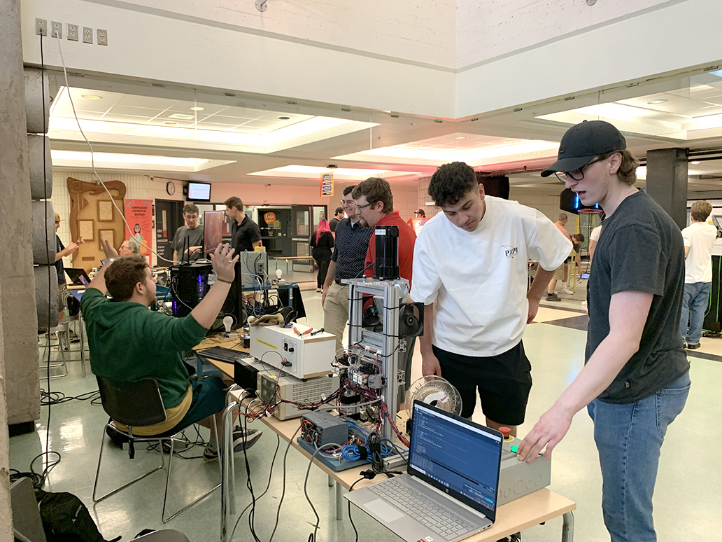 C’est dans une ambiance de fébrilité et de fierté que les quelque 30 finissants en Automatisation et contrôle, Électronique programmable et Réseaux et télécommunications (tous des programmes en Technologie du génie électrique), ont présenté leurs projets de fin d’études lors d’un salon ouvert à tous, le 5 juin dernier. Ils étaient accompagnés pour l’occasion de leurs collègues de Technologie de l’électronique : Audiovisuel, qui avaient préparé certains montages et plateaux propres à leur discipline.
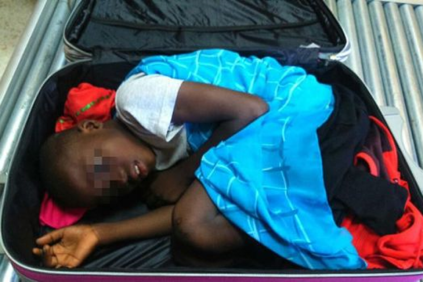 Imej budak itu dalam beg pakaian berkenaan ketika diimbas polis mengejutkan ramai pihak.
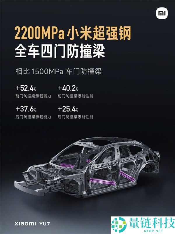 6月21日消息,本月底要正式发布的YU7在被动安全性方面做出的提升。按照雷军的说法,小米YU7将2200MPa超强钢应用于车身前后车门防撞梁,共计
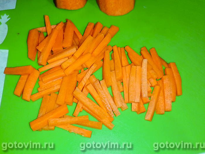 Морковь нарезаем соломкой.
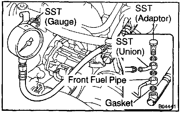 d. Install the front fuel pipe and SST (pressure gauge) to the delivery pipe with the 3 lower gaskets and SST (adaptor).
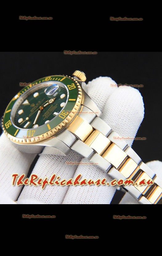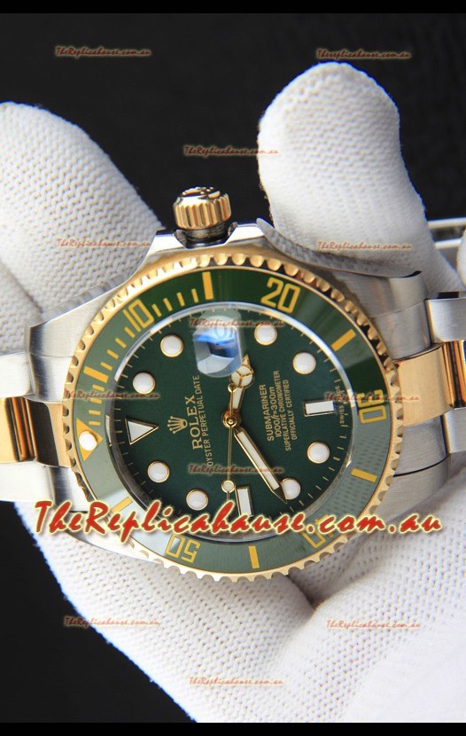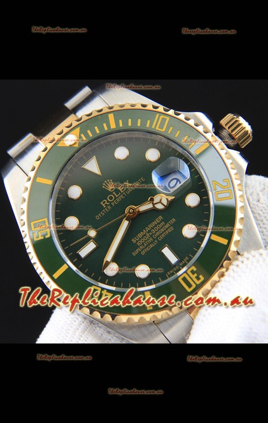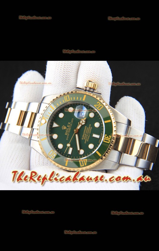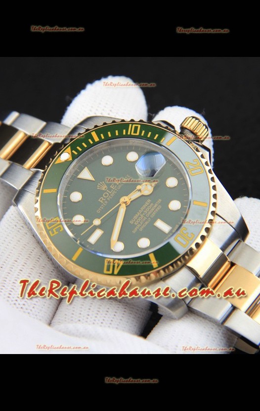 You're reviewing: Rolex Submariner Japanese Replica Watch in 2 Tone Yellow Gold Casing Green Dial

* * *

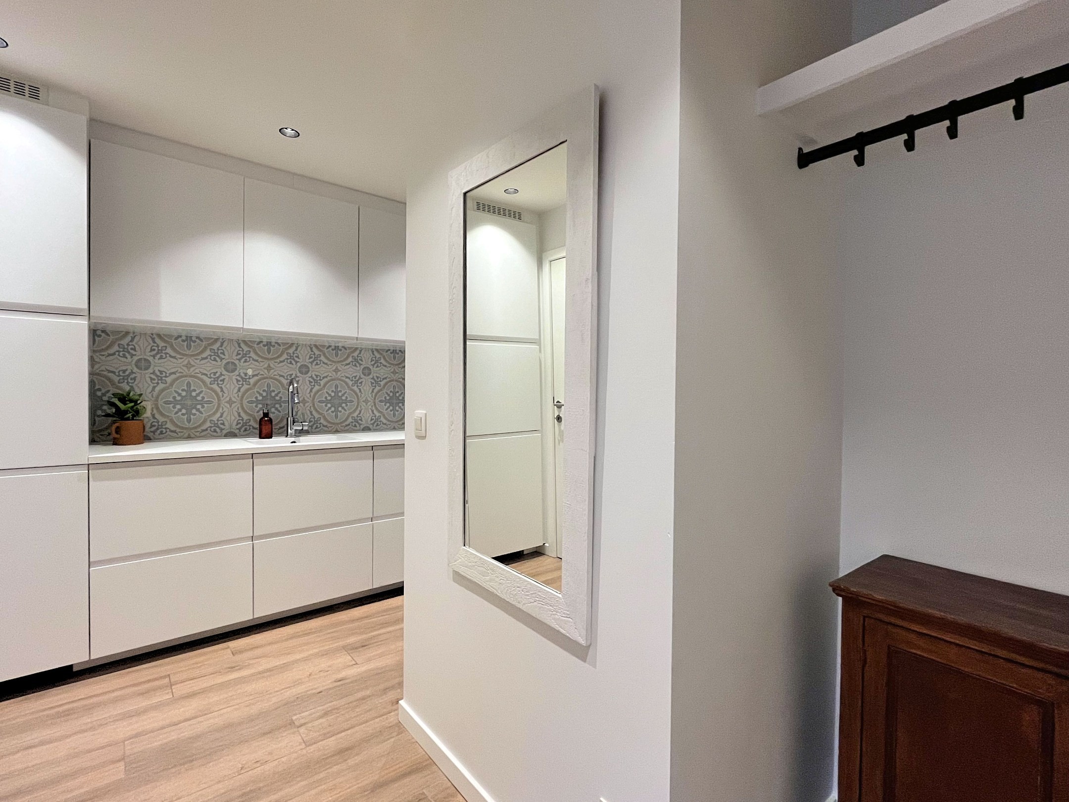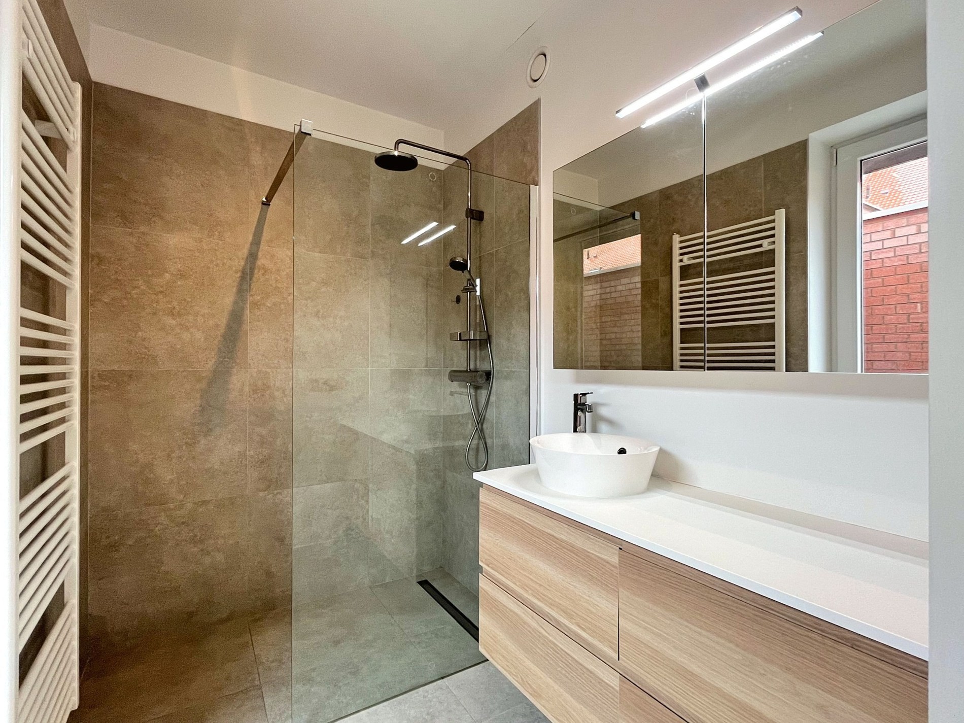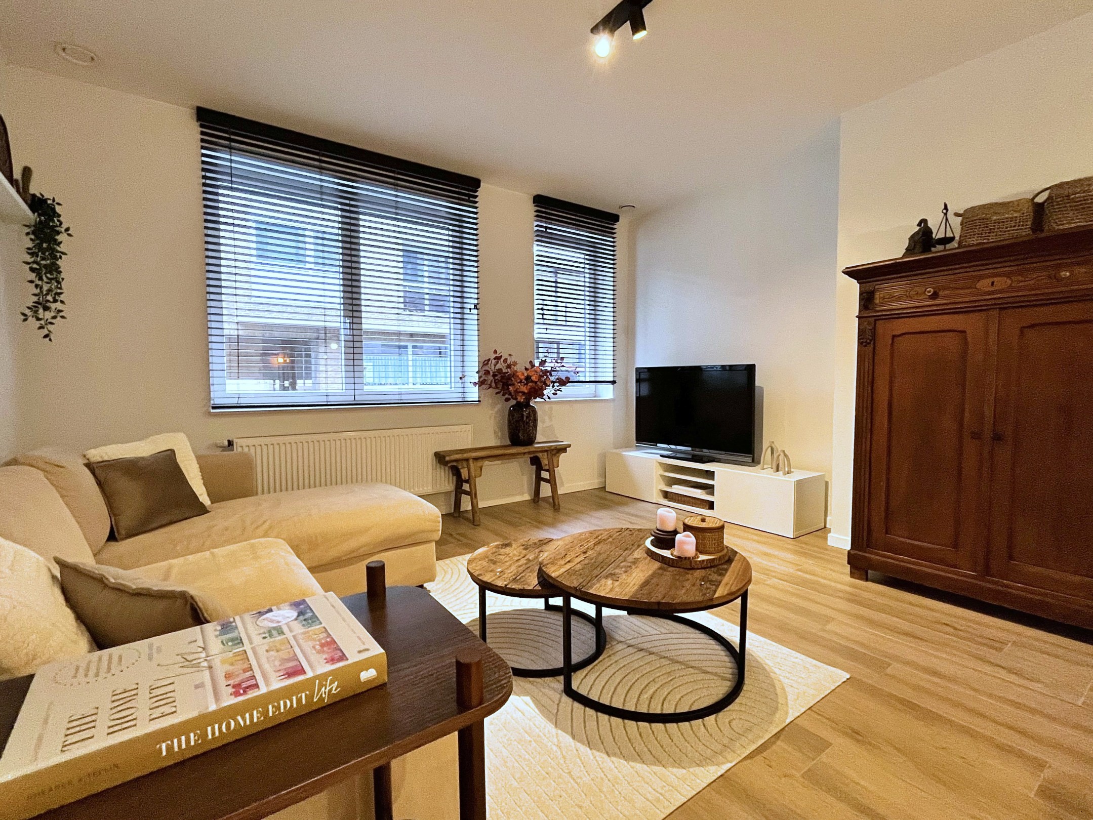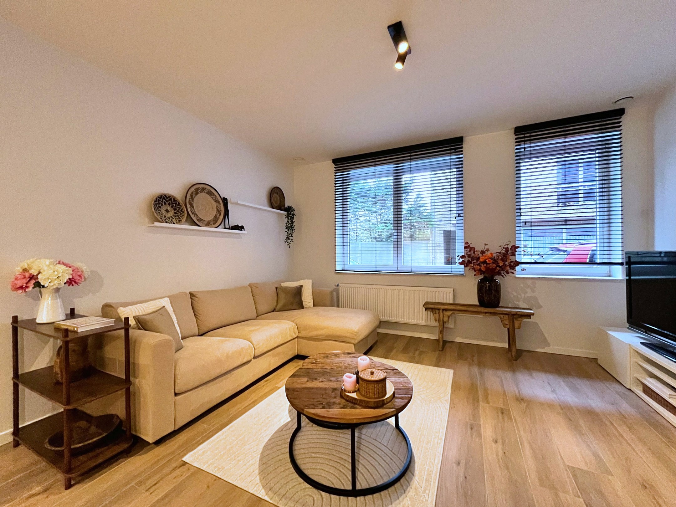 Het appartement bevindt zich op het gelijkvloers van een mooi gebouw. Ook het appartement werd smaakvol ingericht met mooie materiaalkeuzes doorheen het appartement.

--

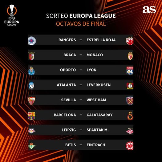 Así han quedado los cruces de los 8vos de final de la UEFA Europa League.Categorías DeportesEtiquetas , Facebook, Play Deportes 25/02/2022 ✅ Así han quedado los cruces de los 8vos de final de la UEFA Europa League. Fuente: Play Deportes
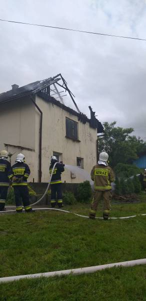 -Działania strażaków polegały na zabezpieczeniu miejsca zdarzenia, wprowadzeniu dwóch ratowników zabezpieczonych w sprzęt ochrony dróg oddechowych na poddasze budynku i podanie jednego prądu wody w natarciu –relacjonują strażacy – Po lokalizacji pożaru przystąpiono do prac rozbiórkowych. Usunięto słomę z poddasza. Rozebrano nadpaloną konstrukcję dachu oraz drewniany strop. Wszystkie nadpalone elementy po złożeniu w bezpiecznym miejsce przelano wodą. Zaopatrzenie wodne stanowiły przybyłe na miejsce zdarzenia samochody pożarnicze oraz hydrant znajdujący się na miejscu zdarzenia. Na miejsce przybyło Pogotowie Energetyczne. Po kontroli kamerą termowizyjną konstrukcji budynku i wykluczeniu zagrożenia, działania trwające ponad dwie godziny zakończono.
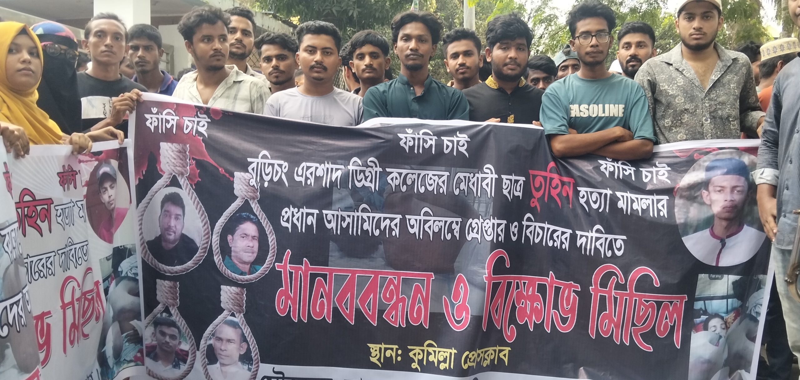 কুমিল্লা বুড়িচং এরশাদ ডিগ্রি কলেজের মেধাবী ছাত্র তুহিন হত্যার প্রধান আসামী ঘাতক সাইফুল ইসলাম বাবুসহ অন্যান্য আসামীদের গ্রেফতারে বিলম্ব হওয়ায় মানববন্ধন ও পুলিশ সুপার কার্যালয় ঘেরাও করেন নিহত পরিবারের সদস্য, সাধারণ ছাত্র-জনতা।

— Task details —
Nothing but the lines from the one with "d. Install the" up to and including the one with "You're reviewing: Rolex" should be printed, exactly as they read above. Please keep the pictures out.

— Solved problem —
 d. Install the front fuel pipe and SST (pressure gauge) to the delivery pipe with the 3 lower gaskets and SST (adaptor).
 You're reviewing: Rolex Submariner Japanese Replica Watch in 2 Tone Yellow Gold Casing Green Dial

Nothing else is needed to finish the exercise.